Discussions

BHarris · Apr 22, 2025 01:14 PM

Suppose I have this table:

Category	Item	Level
A	1	delta
A	2	foxtrot
A	3	hotel
B	1	juliet
B	3	lima

Note that Category=B, Item=2 is missing.

If I try to "split" this table with "Split By" = Category and "Split Columns" = Level, and "Keep All", it returns this:

Item	A	B
1	delta	juliet
2	foxtrot	lima
3	hotel

Note that on the newly Split table, it shows that Item=2,Category=B is "lima", but that's incorrect -- that cell should be blank, and "lima" should be under Item=3,Category=B.

Is this user error, or is this a bug in JMP?

Chris_Kirchberg · Apr 22, 2025 01:45 PM

Hi @BHarris, try using Item in group. The result will be what you would expect.

Best,

Chris Kirchberg, M.S.²
Data Scientist, Life Sciences - Global Technical Enablement
JMP Statistical Discovery, LLC. - Denver, CO
Tel: +1-919-531-9927 ▪ Mobile: +1-303-378-7419 ▪ E-mail: chris.kirchberg@jmp.com
www.jmp.com

View solution in original post

Chris_Kirchberg · Apr 22, 2025 01:45 PM

Hi @BHarris, try using Item in group. The result will be what you would expect.

Best,

Chris Kirchberg, M.S.²
Data Scientist, Life Sciences - Global Technical Enablement
JMP Statistical Discovery, LLC. - Denver, CO
Tel: +1-919-531-9927 ▪ Mobile: +1-303-378-7419 ▪ E-mail: chris.kirchberg@jmp.com
www.jmp.com

BHarris · Apr 22, 2025 01:49 PM

Yes, that does seem to work.

Can you explain what's going on? I'd like to understand why the Group step was necessary.

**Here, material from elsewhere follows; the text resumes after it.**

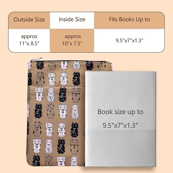 - 📔【Lucky Japanese Cat】 - This Lucky Cat book sleeve is a stylish way to protect your books from dust and pages from getting ripped. The cute Lucky Cat motif makes this cover not only an essential accessory, but also a wonderful and memorable gift for book lovers.This item is not intended for use by children 3 and under.

Chris_Kirchberg · Apr 22, 2025 02:11 PM

Sure, Splitting without the group is doing it in a literal fashion by row and is not aware that Item has a missing component for category. Group forces level to separate out by Item for each category by taking a look at Item first then Category.

From online help (https://www.jmp.com/support/help/en/18.2/?os=mac&source=application#page/jmp/split-columns-in-data-t...:(

Group

Specifies a Group variable when you want your data to be split within each group of the selected variable. Each group results in a row in the output table. You must also specify the required variables, Split By, and Split Columns.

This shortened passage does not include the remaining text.